What this task involves: Print the records below exactly. Omit every picture.

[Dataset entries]
******

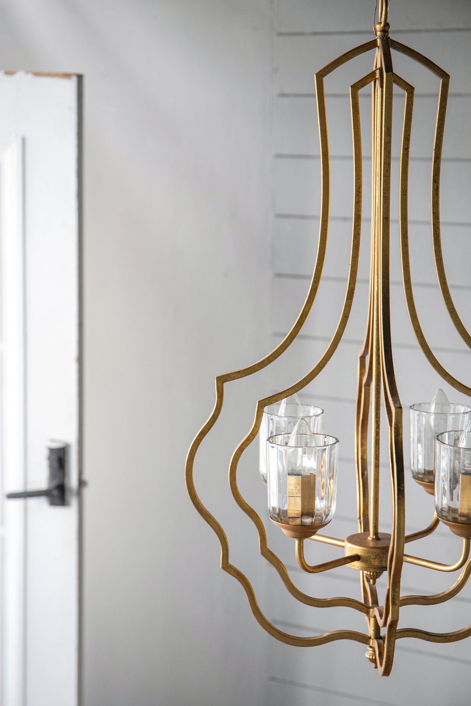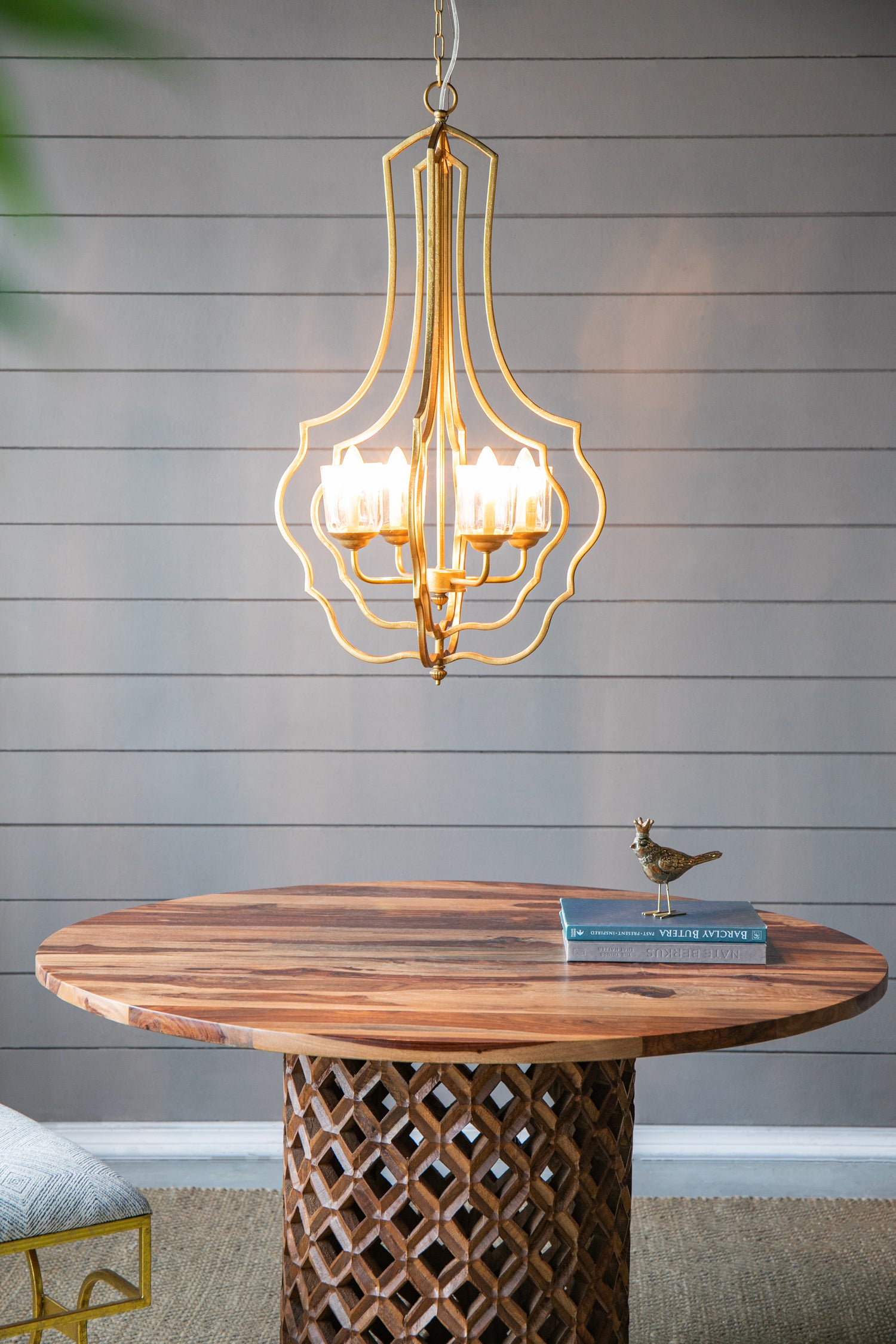 Brighten your interior with the exceptionally graceful Valerio Nested Chandelier. The sculptural metal frame with glass light covers makes a dramatic statement with its curves, angles, and antique gold finish. Outfit with four candelabra-style bulbs and hang anywhere that could use an elegant focal point.
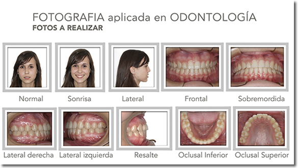 En mi opinión, después de barajar las diversas fórmulas que he observado las diversas tomas que he visto hacer a muchas clínicas de diversas especialidades, las fotografías de primera visita deben ser (como mínimo) las siguientes:
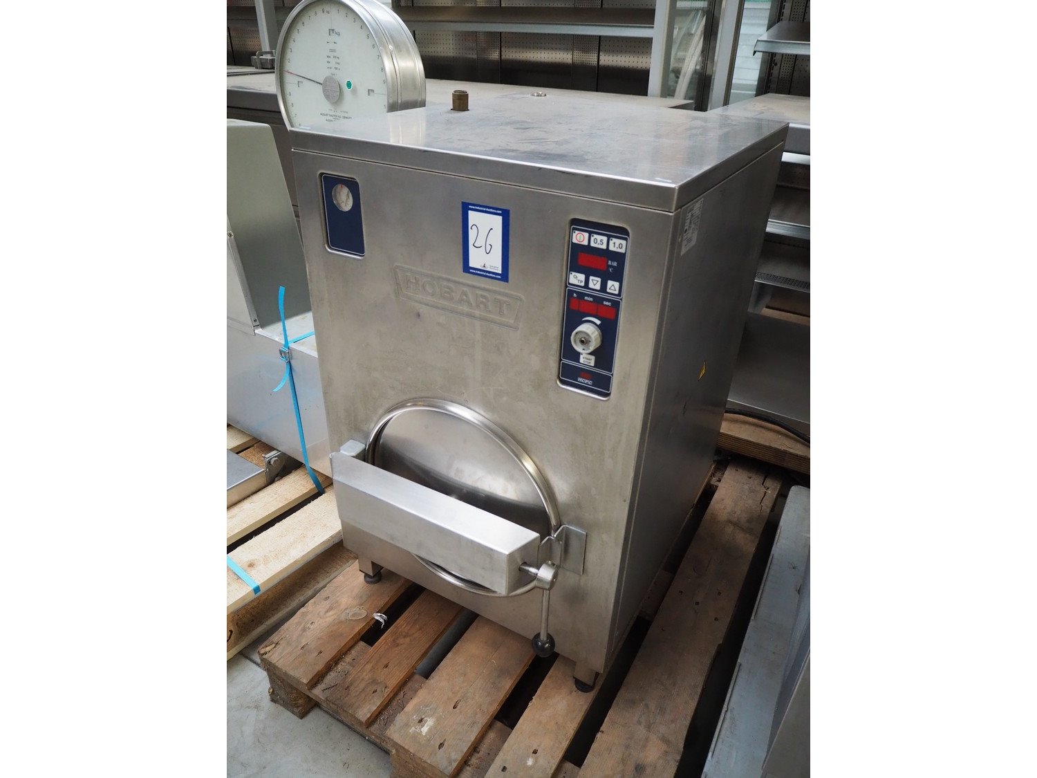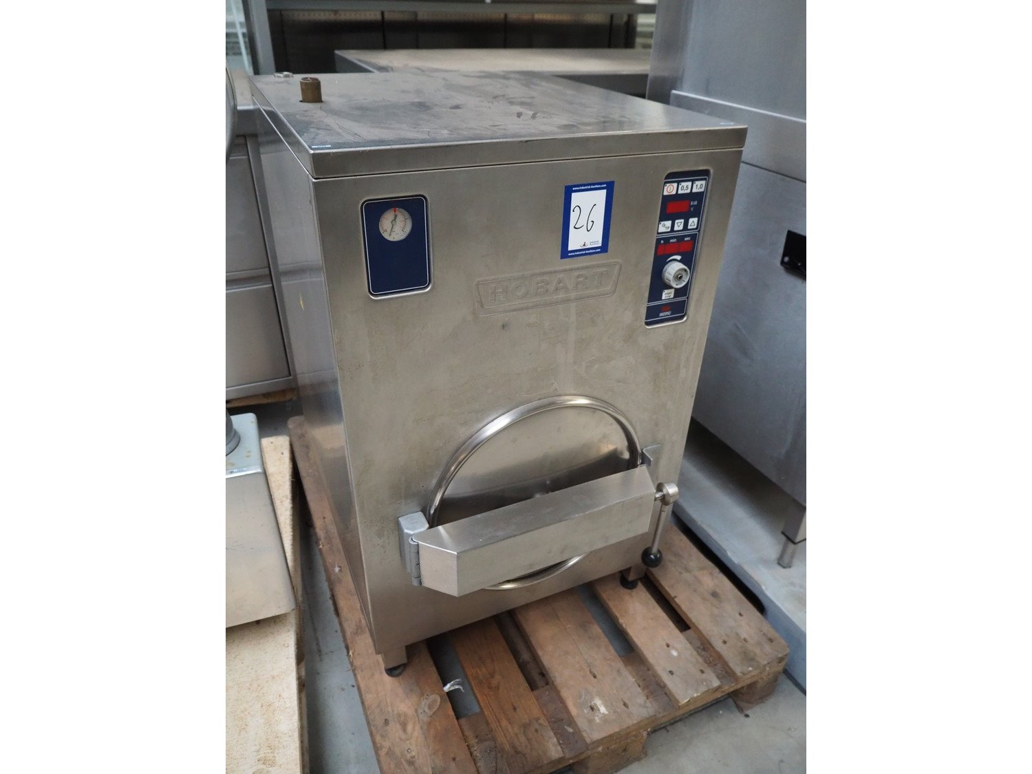 Hobart high speed steam cooker, model: 304G, serial number: 97-0164-366, year of construction: 2002, 400 V, 3 Ph, 50 Hz, 39.2 A, 27.9 W, inside dimensions: 520 mm x 300 mm, total dimensions: 800 mm x 600 mm x 950 mm.
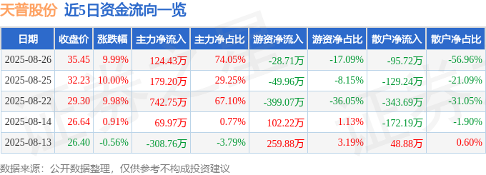 8月26日的资金流向数据方面,主力资金净流入124.43万元,占总成交额74.05%,游资资金净流出28.71万元,占总成交额17.09%,散户资金净流出95.72万元,占总成交额56.96%。
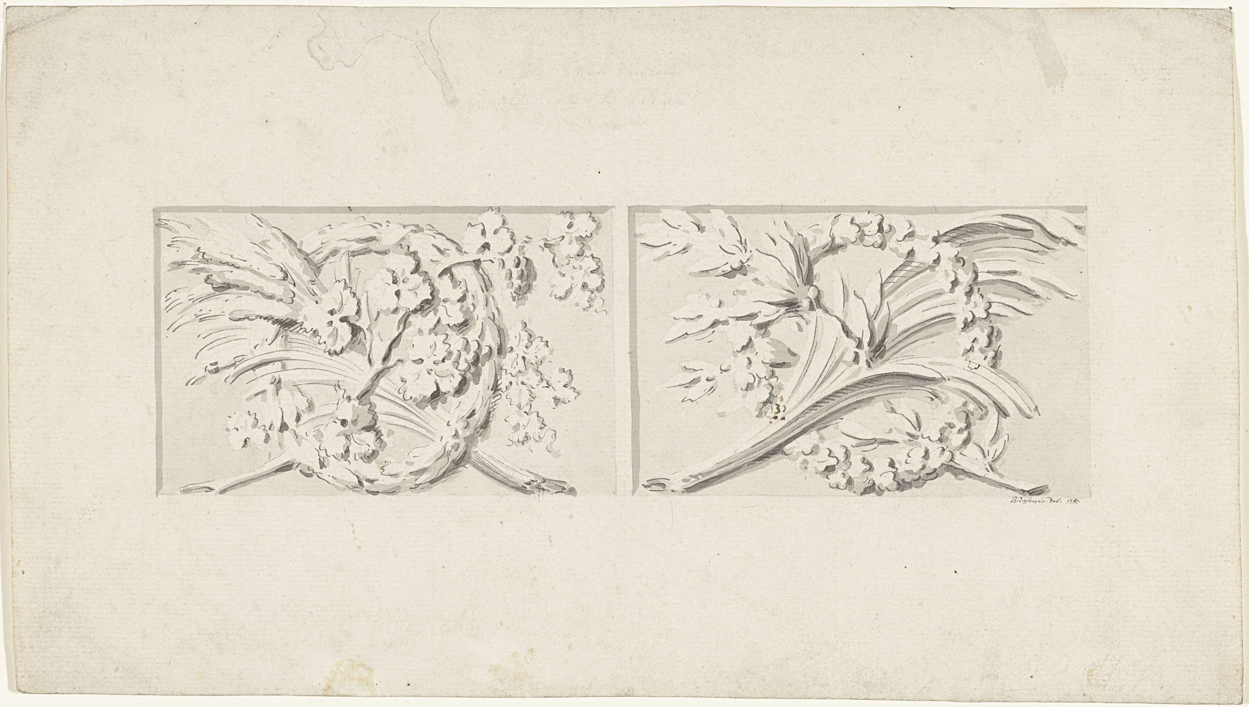 Twee ontwerpen voor lunetten, een met mercuriusstaf ...

******

Response box:
 Brighten your interior with the exceptionally graceful Valerio Nested Chandelier. The sculptural metal frame with glass light covers makes a dramatic statement with its curves, angles, and antique gold finish. Outfit with four candelabra-style bulbs and hang anywhere that could use an elegant focal point.
 En mi opinión, después de barajar las diversas fórmulas que he observado las diversas tomas que he visto hacer a muchas clínicas de diversas especialidades, las fotografías de primera visita deben ser (como mínimo) las siguientes:
 Hobart high speed steam cooker, model: 304G, serial number: 97-0164-366, year of construction: 2002, 400 V, 3 Ph, 50 Hz, 39.2 A, 27.9 W, inside dimensions: 520 mm x 300 mm, total dimensions: 800 mm x 600 mm x 950 mm.
 8月26日的资金流向数据方面,主力资金净流入124.43万元,占总成交额74.05%,游资资金净流出28.71万元,占总成交额17.09%,散户资金净流出95.72万元,占总成交额56.96%。
 Twee ontwerpen voor lunetten, een met mercuriusstaf ...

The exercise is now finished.